HealthDay News — Infusion of a broadly neutralizing antibody (bnAb) does not prevent overall HIV-1 acquisition more effectively than placebo, according to a study of two trials published in the March 18 issue of the New England Journal of Medicine.
Lawrence Corey, M.D., from the Fred Hutchinson Cancer Research Center in Seattle, and colleagues randomly assigned 2,699 at-risk cisgender men and transgender persons in the Americas and Europe in the HVTN 704/HPTN 085 trial and 1,924 at-risk women in sub-Saharan Africa in the HVTN 703/HPTN 081 trial to receive either infusions of a bnAb (VRC01; low dose [10 mg/kg] or high dose [30 mg/kg]) or placebo for 10 infusions.
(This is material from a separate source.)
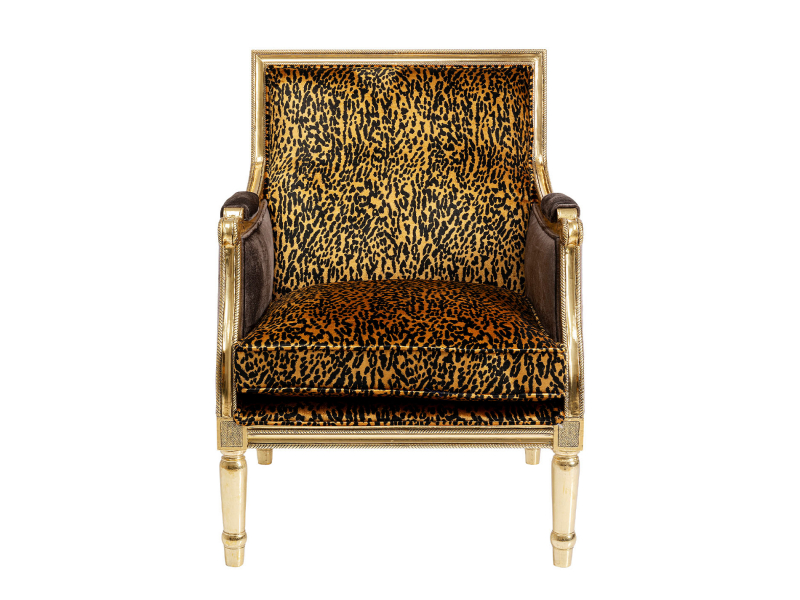 Ponorte sa do nádherného luxusu s kreslom Regency, ktoré okúzľuje svojim leopardím vzorom. So svojim dizajnom, ktorý navodzuje exotickú eleganciu, vytvára kreslo Regency štýlový dojem. Jeho konštrukcia z masívneho mangového dreva s lakovaným povrchom a mosadznými, pozlátenými oceľovými detailmi dodáva kreslu Regency neobyčajnú pevnosť a eleganciu. Toto kreslo je nielen vizuálnym potešením, ale aj pohodlným miestom na oddych. Čalúnenie z bavlny a viskózy so sedákom z polyuretánu zabezpečujú luxusný vzhľad a pohodlie. Zadná strana kresla vyniká sýto ružovou farbou, čo dodáva celkovému dizajnu ešte viac jedinečnosti a štýlu.Kare DesignNemecká značka Kare Design symbolizuje kreativitu a jedinečnosť. Už od roku 1981 obohacuje trh netradičnými kúskami, ktorým nechýba poriadna dávka štýlu a fantázie. V ich produktovom portfóliu nájdete širokú škálu nábytku, osvetlenia a bytových doplnkov. Značku Kare Design nájdete vo viac ako 200 obchodoch po celom svete. Dajte priestor svojej predstavivosti a naplňte svoj domov originálnym zariadením od Kare, ktoré si okamžite zamilujete. Výška 98 cm Šírka 70 cm Hĺbka 68 cm Výška sedu47 cm Hmotnosť 20 kgNosnosť120 kg

The researchers found that within each trial, adverse events were similar in number and severity among the treatment groups. In the HVTN 704/HPTN 085 trial, the incidence of HIV-1 infection was 2.35 and 2.98 per 100 person-years in the pooled VRC01 groups and the placebo group, respectively (estimated prevention efficacy, 26.6 percent; 95 percent confidence interval, −11.7 to 51.8; P = 0.15); in the HVTN 703/HPTN 081 group, the corresponding incidences were 2.49 and 3.10 (estimated prevention efficacy, 8.8 percent; 95 percent confidence interval, −45.1 to 42.6; P = 0.70). In prespecified analyses pooling data across trials, the incidence of infection with VRC01-sensitive isolates was 0.20 and 0.86 per 100 person-years among VRC01 and placebo recipients, respectively (estimated prevention efficacy, 75.4 percent; 95 percent confidence interval, 45.5 to 88.9).
“Passive immunization with VRC01 indeed protected against acquisition of HIV-1, but only against viruses that were highly sensitive to the antibody. And even for these sensitive viruses, the protection was not absolute,” write the authors of an accompanying editorial.